I ditto that Ditto Ditto


----------



## glued2it (Apr 14, 2008)

You can email Jeff by sending an email to jeff at Smoking-Meat dot com

Sounds to me like Jeff might want to move his hosting
	

	
	
		
		



		
		
	


	





Glad she's up again.


----------



## TulsaJeff (Apr 14, 2008)

I thought about moving the hosting but man.. that would be a job and a half!

I may end up doing that anyway..
	

	
	
		
		



		
		
	


	





If anyone needs to get ahold of me just email me at:

jeff at smoking-meat dot com replacing the "at" with "@ and the "dot" with "."

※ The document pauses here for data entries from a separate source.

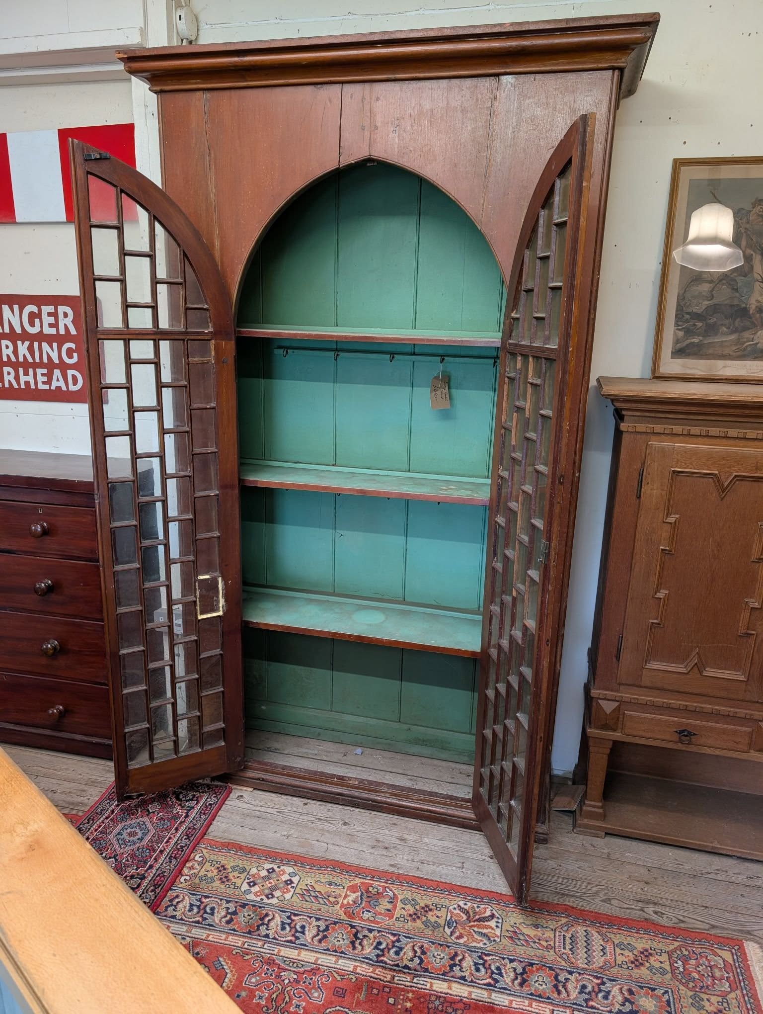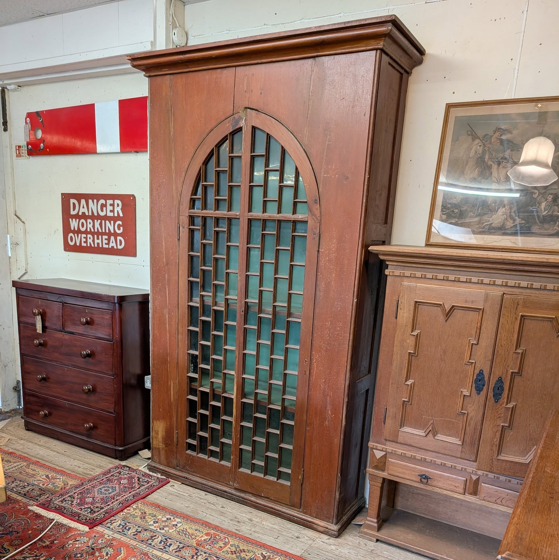 Here's another great looking piece of furniture! This very large cupboard with glazed arched doors has loads of storage inside. It's also a tad rustic in places but with it's eastern vibe it would look amazing in the right room.
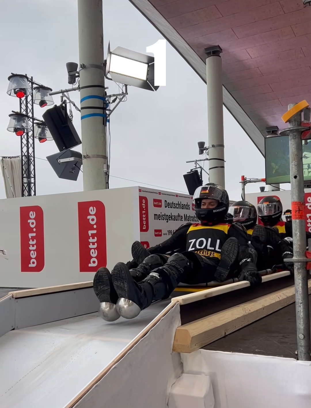 Die Strecke kannte ich tatsächlich noch gar nicht; ich war hier in Winterberg natürlich mal zum Skifahren, aber an der Bobbahn bin ich zum ersten Mal. Nach den ersten Fahrten ist aber schon klar, dass die Kurve 9 echt gefährlich ist. Der größte Unterschied zwischen den beiden Bahnen ist aber für mich, dass die hier fast vor der Haustür ist; auf dem Rückweg fahren wir noch bei meinen Eltern vorbei, das fühlt sich schon anders an, als irgendwo in Österreich unterwegs zu sein.
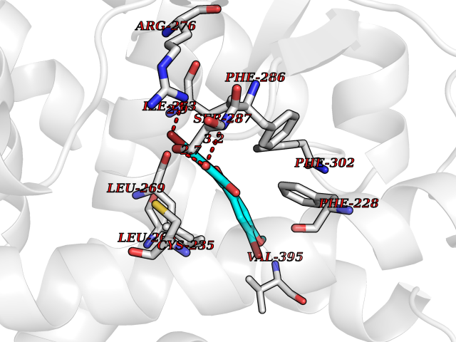 Target general information Gen name CYP46A1 Organism Homo sapiens (Human) Uniprot ID TTD ID Synonyms Cytochrome P450 46A1; CYP46; Cholesterol 24S-hydroxylase; Cholesterol 24-monooxygenase; CH24H Protein family Cytochrome P450 family Biochemical class Paired donor oxygen oxidoreductase Function Primarily catalyzes the hydroxylation (with S stereochemistry) at C-24 of cholesterol side chain, triggering cholesterol diffusion out of neurons and its further degradation. By promoting constant cholesterol elimination in neurons, may activate the mevalonate pathway and coordinate the synthesis of new cholesterol and nonsterol isoprenoids involved in synaptic activity and learning. Further hydroxylates cholesterol derivatives and hormone steroids on both the ring and side chain of these molecules, converting them into active oxysterols involved in lipid signaling and biosynthesis. Acts as an epoxidase converting cholesta-5,24-dien-3beta-ol/desmosterol into (24S),25-epoxycholesterol, an abundant lipid ligand of nuclear NR1H2 and NR1H3 receptors shown to promote neurogenesis in developing brain. May also catalyze the oxidative metabolism of xenobiotics, such as clotrimazole. P450 monooxygenase that plays a major role in cholesterol homeostasis in the brain. Related diseases Spinocerebellar ataxia, autosomal recessive, with axonal neuropathy 1 (SCAN1) [MIM:607250]: A form of spinocerebellar ataxia, a clinically and genetically heterogeneous group of cerebellar disorders. Patients show progressive incoordination of gait and often poor coordination of hands, speech and eye movements, due to degeneration of the cerebellum with variable involvement of the brainstem and spinal cord. SCAN1 is an autosomal recessive cerebellar ataxia (ARCA) associated with peripheral axonal motor and sensory neuropathy, distal muscular atrophy, pes cavus and steppage gait as seen in Charcot-Marie-Tooth neuropathy. All affected individuals have normal intelligence. {ECO:0000269|PubMed:12244316, ECO:0000269|PubMed:15647511, ECO:0000269|PubMed:15920477, ECO:0000269|PubMed:16141202, ECO:0000269|PubMed:17948061}. The disease is caused by variants affecting the gene represented in this entry. Drugs (DrugBank ID) NA Interacts with NA EC number EC 1.14.14.25 Uniprot keywords 3D-structure; Alternative splicing; Cell projection; Cholesterol metabolism; Endoplasmic reticulum; Heme; Iron; Lipid metabolism; Membrane; Metal-binding; Microsome; Monooxygenase; Oxidoreductase; Proteomics identification; Reference proteome; Steroid metabolism; Sterol metabolism; Synapse; Transmembrane; Transmembrane helix Protein physicochemical properties Chain ID A Molecular weight (Da) 48977 Length 427 Aromaticity 0.1 Instability index 49.59 Isoelectric point 9.04 Charge (pH=7) 6.25 3D Binding mode Sequence RVLQDVFLDWAKKYGPVVRVNVFHKTSVIVTSPESVKKFLMSTKYNKDSKMYRALQTVFGERLFGQGLVSECNYERWHKQRRVIDLAFSRSSLVSLMETFNEKAEQLVEILEAKADGQTPVSMQDMLTYTAMDILAKAAFGMETSMLLGAQKPLSQAVKLMLEGITASRNTKRKQLREVRESIRFLRQVGRDWVQRRREALKRGEEVPADILTQILKAEEGAQDDEGLLDNFVTFFIAGHETSANHLAFTVMELSRQPEIVARLQAEVDEVIGSKRYLDFEDLGRLQYLSQVLKESLRLYPPAWGTFRLLEEETLIDGVRVPGNTPLLFSTYVMGRMDTYFEDPLTFNPDRFGPGAPKPRFTYFPFSLGHRSCIGQQFAQMEVKVVMAKLLQRLEFRLVPGQRFGLQEQATLKPLDPVLCTLRPRGW Hydrogen bonds contact Hydrophobic contact | ||||

Writing it that way, the email harvesters won't be able to recognize it as easily.


----------



## pitrow (Apr 14, 2008)

Hey Jeff, you can get automated reports of your site's downtime. I'll have to look up some websites for you, but basically they monitor your site for you and send you an alert if it's not accessible.


----------



## ron50 (Apr 14, 2008)

Hey boss! 

I thought you took it down intentionally to give me and my fellow mods a rest!


----------



## papadave (Apr 14, 2008)

Thanks Jeff for all you do to keep this great forum up! It's much appreciated.


----------



## walking dude (Apr 14, 2008)

LOLOLOLOL........like you said in a early post.....you ARE lazy...........BWHAHAHAHAHAAHA


----------



## TulsaJeff (Apr 15, 2008)

PitRow,

That would be great!.. I figured there was something like that available but have not taken the time to look for it.

Thanks!


----------



## pitrow (Apr 15, 2008)

Siteuptime.com is one I have used before. They have a free monitor but it only checks your site once an hour. With the paid plans you can get multiple monitors and checks every 2 minutes, more reports, etc.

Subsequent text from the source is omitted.